● EXERCISE OBJECTIVE: Transcribe each record exactly. Omit the pictures.

(Extracted data entries)
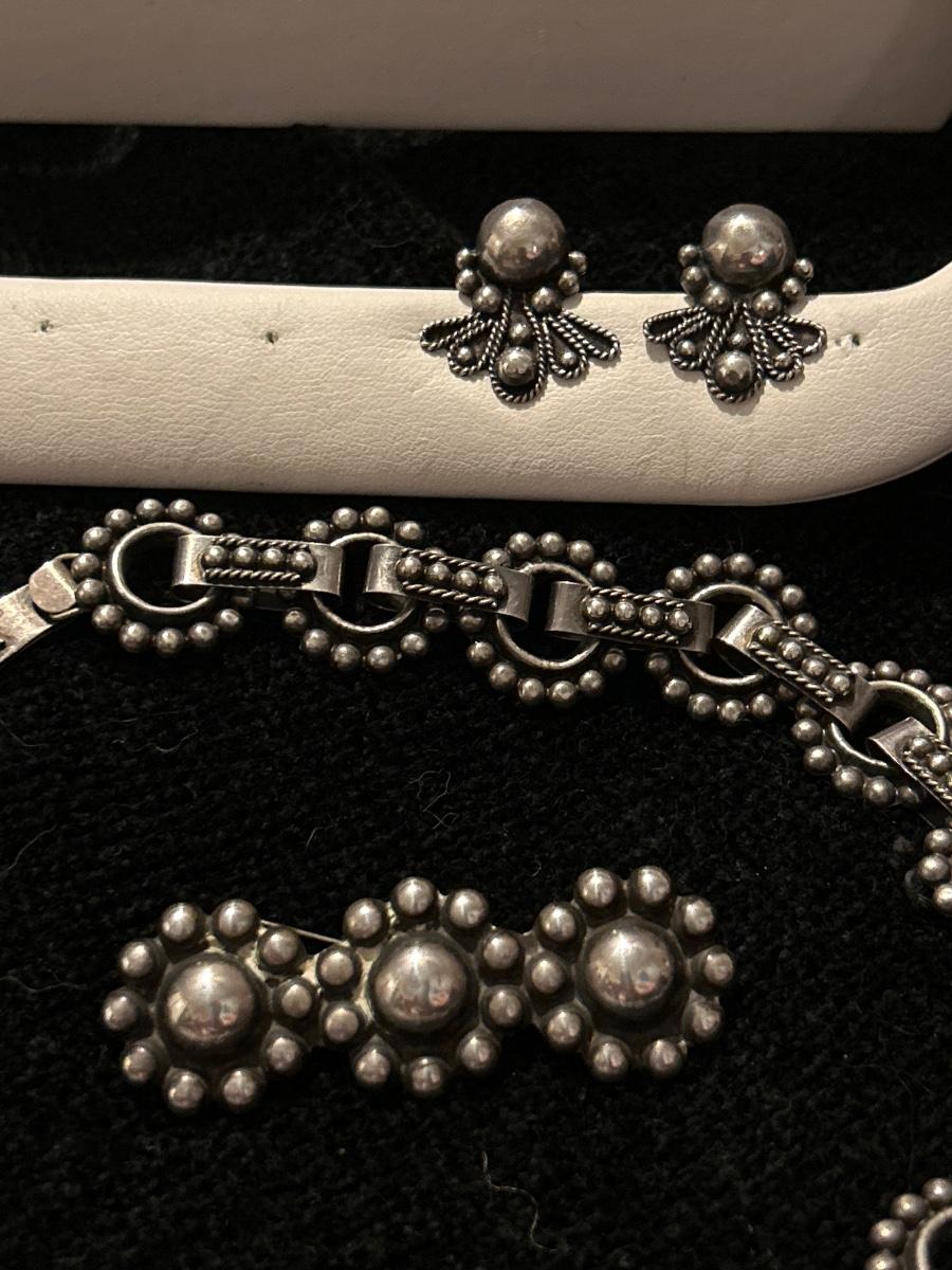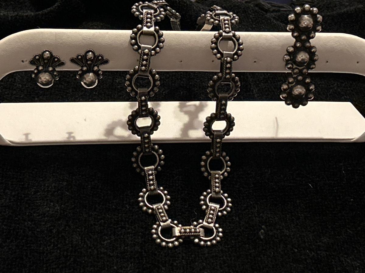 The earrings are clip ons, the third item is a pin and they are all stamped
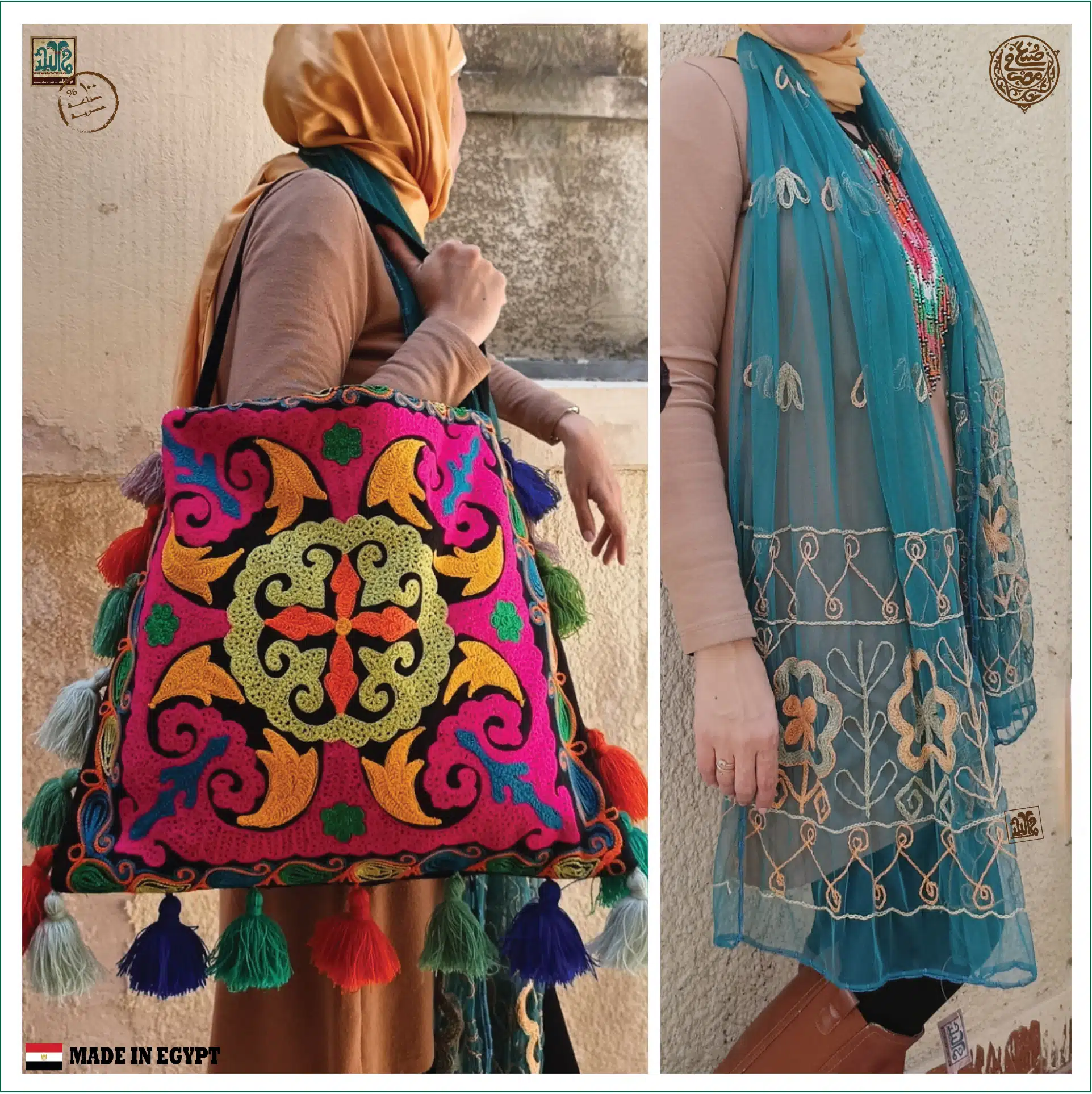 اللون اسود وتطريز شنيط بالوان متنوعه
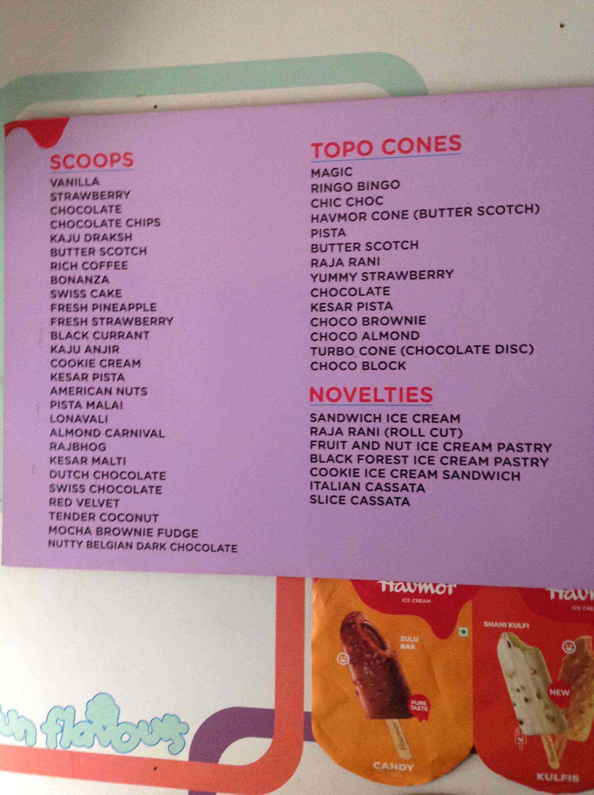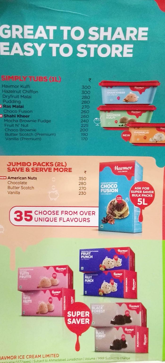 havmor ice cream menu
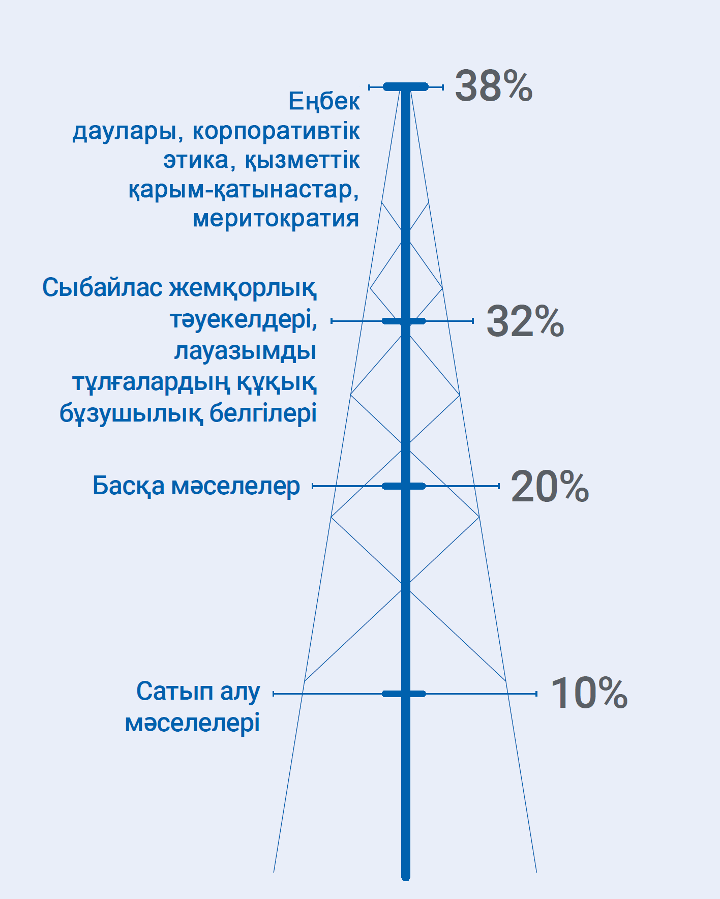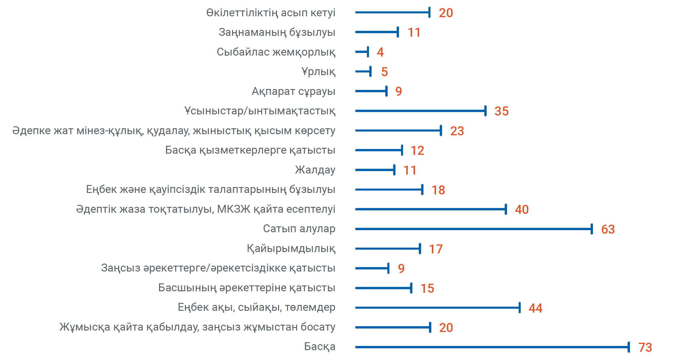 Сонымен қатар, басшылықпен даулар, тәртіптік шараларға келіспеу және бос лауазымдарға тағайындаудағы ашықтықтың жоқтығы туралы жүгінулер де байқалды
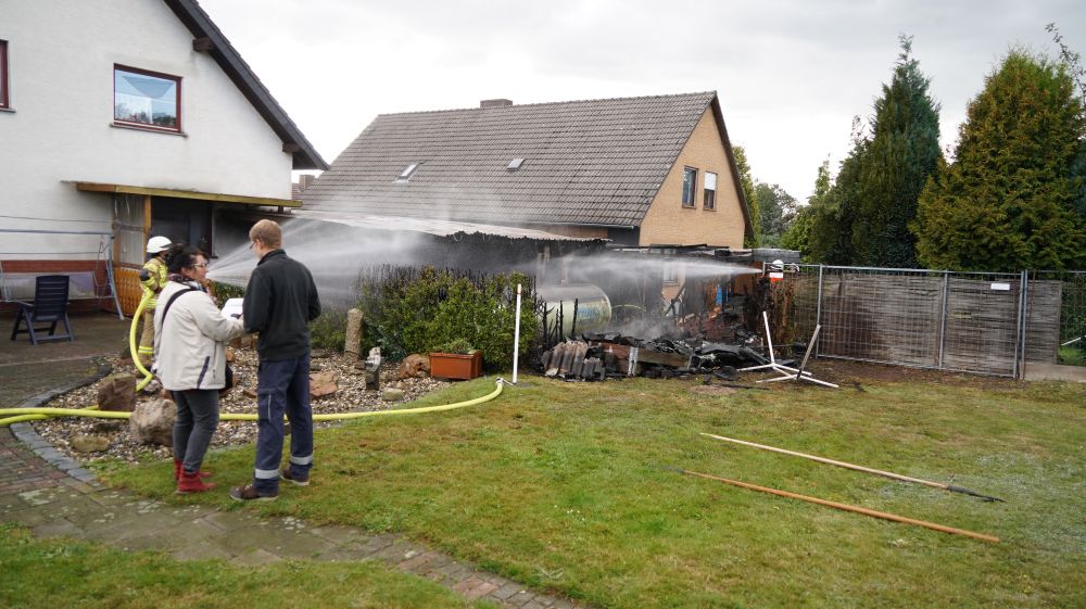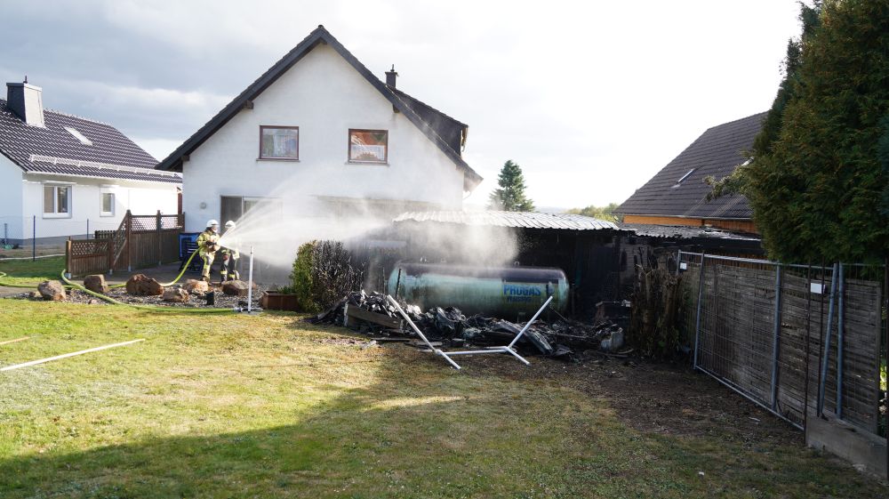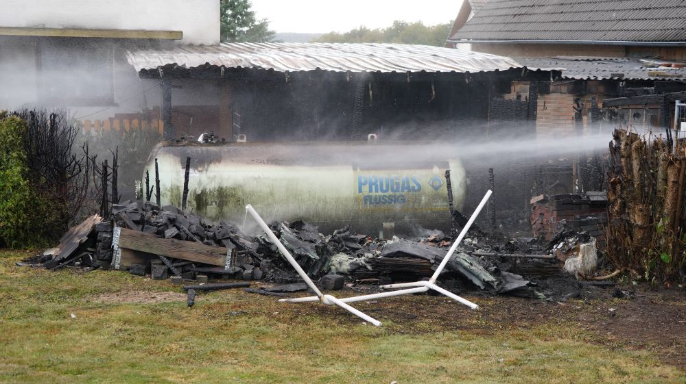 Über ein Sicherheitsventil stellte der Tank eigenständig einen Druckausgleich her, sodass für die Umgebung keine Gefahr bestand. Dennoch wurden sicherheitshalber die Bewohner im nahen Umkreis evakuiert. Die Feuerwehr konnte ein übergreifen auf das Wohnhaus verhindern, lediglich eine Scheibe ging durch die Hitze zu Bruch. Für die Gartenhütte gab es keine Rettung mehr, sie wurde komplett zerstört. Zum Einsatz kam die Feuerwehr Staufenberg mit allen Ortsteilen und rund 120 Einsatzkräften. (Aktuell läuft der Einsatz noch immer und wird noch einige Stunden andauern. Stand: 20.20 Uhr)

● OUTPUT:
 The earrings are clip ons, the third item is a pin and they are all stamped
 اللون اسود وتطريز شنيط بالوان متنوعه
 havmor ice cream menu
 Сонымен қатар, басшылықпен даулар, тәртіптік шараларға келіспеу және бос лауазымдарға тағайындаудағы ашықтықтың жоқтығы туралы жүгінулер де байқалды
 Über ein Sicherheitsventil stellte der Tank eigenständig einen Druckausgleich her, sodass für die Umgebung keine Gefahr bestand. Dennoch wurden sicherheitshalber die Bewohner im nahen Umkreis evakuiert. Die Feuerwehr konnte ein übergreifen auf das Wohnhaus verhindern, lediglich eine Scheibe ging durch die Hitze zu Bruch. Für die Gartenhütte gab es keine Rettung mehr, sie wurde komplett zerstört. Zum Einsatz kam die Feuerwehr Staufenberg mit allen Ortsteilen und rund 120 Einsatzkräften. (Aktuell läuft der Einsatz noch immer und wird noch einige Stunden andauern. Stand: 20.20 Uhr)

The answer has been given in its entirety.